By Vitrolife, Oct 24, 2019

Thoughts and reflections from ASRM 2019

This year Philadelphia hosted the annual American Society for Reproductive Medicine meeting for thousands of delegates from all over the world. Similar to previous years, IVF professionals gathered to present or listen to the latest scientific developments in the field of assisted reproduction. We have collected some of our thoughts and reflections of the scientific content of the meeting in this blog post.

Artificial intelligence on the agenda

It is very interesting to follow how artificial intelligence-based analysis is becoming increasingly investigated for potential use in different aspects during IVF. In total we counted 24 scientific abstracts employing AI approaches for optimising IVF processes, the majority relating to embryo evaluation or selection. As explained by Dr. Hickmann and Dr. Zaninovic in their common Pre-plenary session “Eye on AI: Artificial intelligence in ART” (LET01), embryo evaluation and selection has been the initial focus when implementing the powers of AI because time-lapse monitoring of embryos and the subsequent clinical outcomes provide suitably structured data to develop and train deep learning neural networks. Other areas in ART will likely follow in the future.

Culture conditions are still essential 

A topic that is always of interest is of course how stable culture conditions are the basis of successful IVF. Improved blastocyst development in the EmbryoScope+ versus a benchtop trigas incubator was demonstrated in a poster by Nicolielo et al. (P-44) entitled “Embryo culture in time-lapse system provides better rates of blastocyst formation, decreases embryo development arrest compared to traditional benchtop triple gas culture system”. In this study examining development of 9482 oocytes from 1276 cycles, there was a statistically significant difference in number of blastocysts, mean blastocyst per cycle and a reduction in cancelled cycles. The conclusion was that the uninterrupted culture available with the time-lapse system produced better blastocyst formation rates, especially between 35 and 42 years old, lower embryo arrest rate and the ability to produce approximately 1 (one) extra blastocyst per cycle, which could increase the cumulative pregnancy rates.
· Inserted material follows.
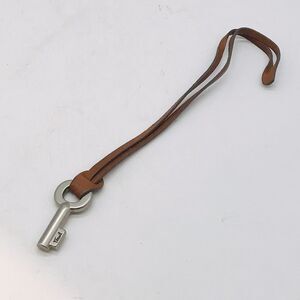 Fossil Key Charm Purse Accessory Key Fob Keychain Brown Leather with Silver Metal Key for Handbag.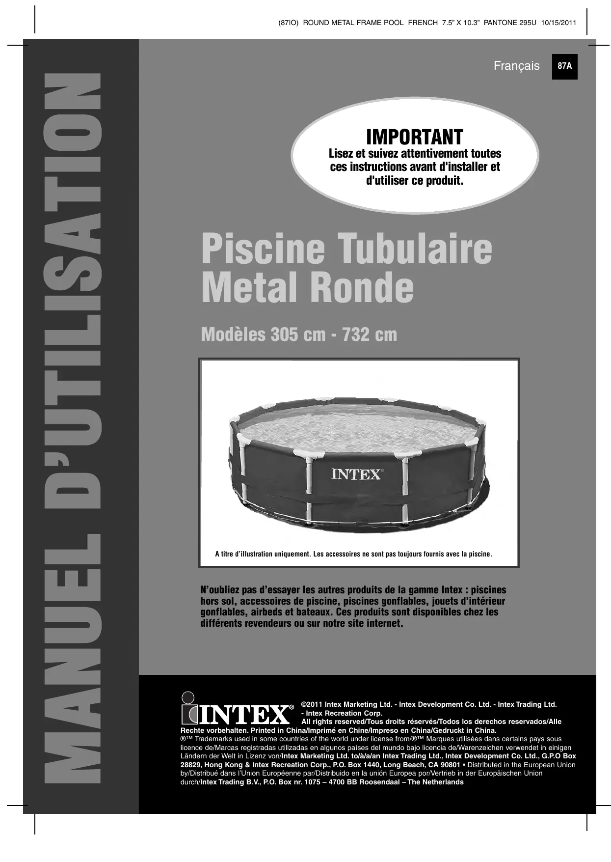 (8710) ROUND METAL FRAME POOL FRENCH 7.5 X 10.3" PANTONE 295U 10/15/2011 Français. 87A IMPORTANT Lisez et suivez attentivement toutes ces instructions avant d'installer et d'utiliser ce produit. Piscine Tubulaire Metal Ronde Modèles 305 cm - 732 cm A titre d'illustration uniquement. Les accessoires ne sont pas toujours fournis avec la piscine. ©2011 intex Marketing Ltd. - Intex Development Co. Ltd. - Intex Trading Ltd.

Time-lapse incubation should be considered as an alternative to traditional incubation

Use of time-lapse to improve selection of euploid blastocysts was presented by Sundheimer et al (P-100). In this study, pregnancy rates of euploid embryos with a single thaw transfer created in the EmbryoScope time-lapse system were statistically significantly higher than with standard incubation (80.8% versus 67.3%, p<0.05). Combining patients with a single thaw cycle as well as an eSET transfer, the pregnancy rate in the Embryoscope was 79.7% versus 67.3% (p<0.05). The study concluded that given the significantly improved pregnancy rates, time-lapse incubation of embryos should be considered as an alternative to traditional incubation.

Prediction of euploidy

Development of a model using morphokinetic variables and morphology to predict which embryos were most likely to be euploid was shown by Desai et al. (P-109). For the morphokinetic variables, the difference from start of blastulation (tSB) to expanding blastocyst (tEB) showed that the odds ratio of euploidy decreased by 4.5% for each hour difference (p<0.002). In addition, embryos with a tSB of less than 96.2 hours were 1.5 times more likely to be euploid than slower embryos p=0.0005. Finally, embryos with more than 1 dysmorphia at the cleavage stage lowered the odds of being euploid by 49% (p=0.003).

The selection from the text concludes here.